Des antibiotiques pour stopper les cellules souches cancéreuses ?

On pourrait bientôt combattre le cancer grâce à des antibiotiques. Des chercheurs britanniques ont réalisé des essais en laboratoire très prometteurs, afin d’attaquer le mal à la racine en modifiant le développement des cellules souches.

Et si l’on pouvait freiner le cancer grâce à des antibiotiques ? C’est ce que suggèrent des scientifiques britanniques, de l’université de Salford. Ces derniers auraient trouvé un moyen d’inciter les cellules cancéreuses à se reproduire de manière défectueuse, créant ainsi de nouvelles cellules sans source d’alimentation.

Ces dernières “ne peuvent pas générer d’énergie, donc elles ne peuvent pas proliférer”, explique le Pr. Michael Lisanti, auteur principal de l’étude, qui compare ces cellules cancéreuses à des “voitures sans moteur”.

Deux antibiotiques et de la vitamine C : le cocktail gagnant

Pour obtenir ce résultat, les chercheurs ont combiné deux antibiotiques bon marché - la doxycycline et l’azithromycine - avec de la vitamine C. Une “triple combinaison” gagnante, puisque celle-ci a suffit pour réduire de plus de 90 % la croissance des cellules souches lors des tests effectués en laboratoire.

Il est possible que les cellules cancéreuses en forme de tige soient la cause principale de la résistance à la chimiothérapie. C’est ce qui entraînerait l’échec du traitement chez les patients à un stade avancé de la maladie, et la résurgence de la tumeur et des métastases. C’est pourquoi les chercheurs se sont concentrés sur le processus permettant aux cellules souches cancéreuses de se développer, dans le but de perturber leur métabolisme.

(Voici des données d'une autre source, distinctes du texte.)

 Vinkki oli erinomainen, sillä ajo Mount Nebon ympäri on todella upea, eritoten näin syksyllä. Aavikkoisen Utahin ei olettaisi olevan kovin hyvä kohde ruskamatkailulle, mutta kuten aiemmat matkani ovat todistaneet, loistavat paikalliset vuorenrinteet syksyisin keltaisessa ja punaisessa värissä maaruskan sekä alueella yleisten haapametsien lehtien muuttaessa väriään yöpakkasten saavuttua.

Les effets positifs de la doxycycline avaient déjà été prouvés

En 2018, le Pr. Lisanti avait déjà mené deux essais cliniques sur l’antibiotique doxycycline, en collaboration avec le Pr. Federica Sotgia, afin d’étudier la récidive du cancer chez des patients hospitalisés. Les deux médecins étaient parvenus à réduire de 40 % les cellules souches cancéreuses chez les patients, avec un taux de réponse proche de 90 %.

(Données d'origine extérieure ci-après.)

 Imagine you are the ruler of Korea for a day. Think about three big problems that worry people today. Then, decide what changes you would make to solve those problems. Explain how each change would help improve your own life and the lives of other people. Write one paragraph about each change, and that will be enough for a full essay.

Le but de cette nouvelle étude était donc de se pencher sur les 60 % de cellules restantes. “Une fois que nous avons constaté que la doxycycline était efficace pour cibler les mitochondries dans les cellules souches, le défi était de trouver une combinaison encore plus efficace”, explique le professeur. Le but étant de maximiser les effets de ce premier antibiotique. “Et nous pensons l’avoir trouvée avec l’azithromycine, ajoute-t-il.

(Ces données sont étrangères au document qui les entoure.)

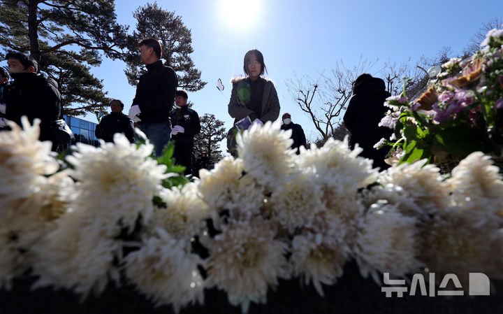[대구=뉴시스] 이무열 기자 = 18일 대구 동구 시민안전테마파크에서 열린 대구지하철 화재참사 22주기 추모식에서 유가족들이 헌화하고 있다. 2025.02.18. [email protected]

Ce traitement empêche les mitochondries de produire de l’énergie

Des essais en laboratoire leur ont permis de découvrir que les deux médicaments peuvent être utilisés pour cibler la production de 13 protéines mitochondriales clés, qui bloquent l’approvisionnement en carburant des cellules souches. Autre constat : la vitamine C amplifie les effets de ces antibiotiques, en agissant comme un pro-oxydant léger.

“Cette combinaison accélère la production de nouvelles mitochondries, mais les rend fonctionnellement inactives. Les nouvelles mitochondries sont donc incapable s de générer de l’ATP”, précise le Pr. Sotgia. Les mitochondries étant en quelques sortes “la centrale énergétique de la cellule”, et l’ATP la devise dans laquelle l’énergie provenant des aliments ingérés est transformée. “C’est comme fabriquer des milliers de voitures neuves, sans les pièces de moteur nécessaires. Elles ne fonctionnent pas”, ajoute la chercheuse.

Les scientifiques insistent sur le caractère peu coûteux de cette combinaison, sa facilité, et le dosage extrêmement faible des antibiotiques - qui permet d’éviter une potentielle antibiorésistance.